Pittsburgh train derailment points to failing infrastructure

By Samuel Davidson
8 August 2018

A freight train derailed Sunday afternoon in downtown Pittsburgh with massive freight cars and debris landing less than 100 feet from a light-rail and bus station where passengers were waiting for their bus or train.

Several cars landed on the track used by the light-rail train. A light-rail train had passed through the area just a few minutes before the accident. A fast-thinking Port Authority employee who was working the ticket booth at the time quickly directed passengers from both platforms and away from the accident.

Public safety officials said that no one was hurt and none of the cars was carrying hazardous or flammable chemicals. The route is often used by trains pulling oil tankers, natural gas and chemicals used in the fracking of natural gas.

The freight train was traveling west along the Norfolk and Southern Railway line near Station Square when the cars fell off the track around 1 p.m. A spokesperson for the railway said that crews that specialize in removing and cleaning up from train derailments were en route for Pittsburgh. A special crane capable of lifting the loaded cars off the hill would have to be brought in as well.

On Monday morning, crews could be seen working to stabilize the fallen cars and beginning the removal process. Several cars could be seen dangling and a large crane was being used as a brace to keep the cars from rolling further down the hill.

Over 26,000 people use the light-rail service each day to get into and out of the city for work.

“I was two hours late for work this morning,” said Rachel, who works in a downtown law office. “My boss was pretty cool about it, but I don’t know how long that will last. I ended up driving, but parking cost me $14 and I only make $11 an hour.”

The freight train was 7,687 feet long, or just short of a mile and a half. It weighed 4,838 tons and had three locomotives. The train was made up of what are called well cars, which are used to carry containers from ships or trucks. It was headed west to Chicago from a railyard in New Jersey. Scores of other trains have been backed up, sidelined or re-routed as a result.

It’s hard to describe the complicated topography of the area. The rail line where the derailment occurred runs parallel to the Monongahela River part way up the slope of what is called Mt. Washington. The track is dug into the side of the hill and runs along the length of it, gently rising.
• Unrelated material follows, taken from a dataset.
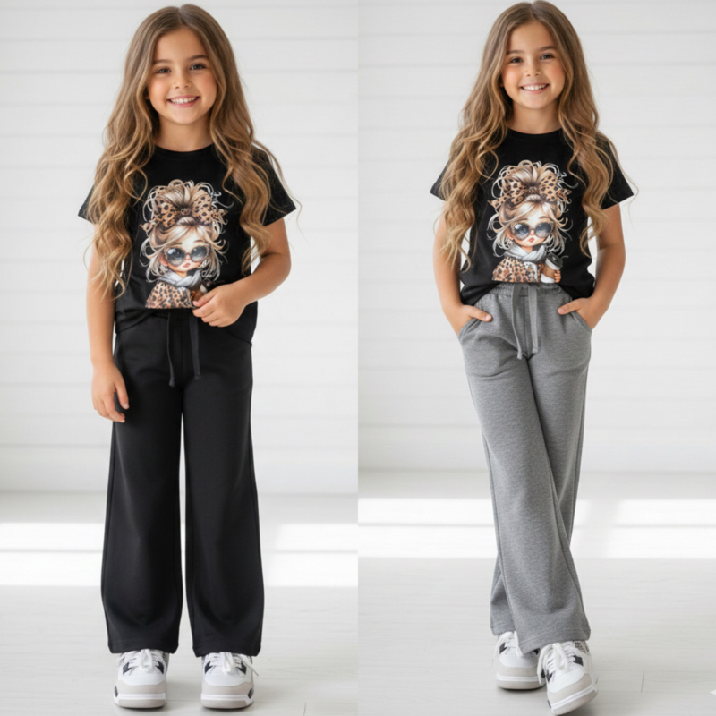 Artikelnummer: 666z ww2 OverzichtDit trendy zwarte T-shirt is een echte eyecatcher voor stijlvolle meiden! Op de voorkant staat een fashionable girl print met zonnebril, leopard strik en koffiebeker — helemaal in streetstyle vibe. De zachte stof en fijne pasvorm zorgen ervoor dat het shirt heerlijk comfortabel zit, perfect voor elke dag.

At the base of the slope runs the transit line used for light-rail commuter trains running into and out of the city before turning into a tunnel going under Mt. Washington. Further up the slope runs a roadway used by cars and trucks going to the top of Mt. Washington.

No explanation has been given for the cause of the accident, but railroad officials were quick to rule out a rock slide, without giving any reason. Early this year a mudslide closed the roadway above the track for a number of days as crews removed debris from the road and secured the hillside.

There have been several mudslides so far this year in the Pittsburgh area, including one that destroyed a major route out of the city to the east and another that destroyed roads and homes in the city’s west end.

Even if mud and rock didn’t fall onto the track, if the ground underneath the track shifted it could have weakened the outer rail, causing the train to tip. The well cars were double-stacked with containers, adding to the weight and torque of the cars, a practice that has become common to cut transport costs and boost profits.

Railroad officials estimate the cleanup could take through Wednesday and possibly longer.

Port Authority officials which operate the light-rail trains have not been able to estimate when service will be restored as they have to wait for the freight cars to be removed before they can inspect the track for damage.

The accident only underscores huge problems in the region’s infrastructure which are reaching a crisis point. A study of the region’s many bridges found that nearly one third are structurally deficient. Many were built more than 100 years ago. In the past year there have been four water boil advisories for Pittsburgh residents because of water contamination caused by broken pipes, and the city has one of the highest percentages of lead used in water pipes with no plan to replace them.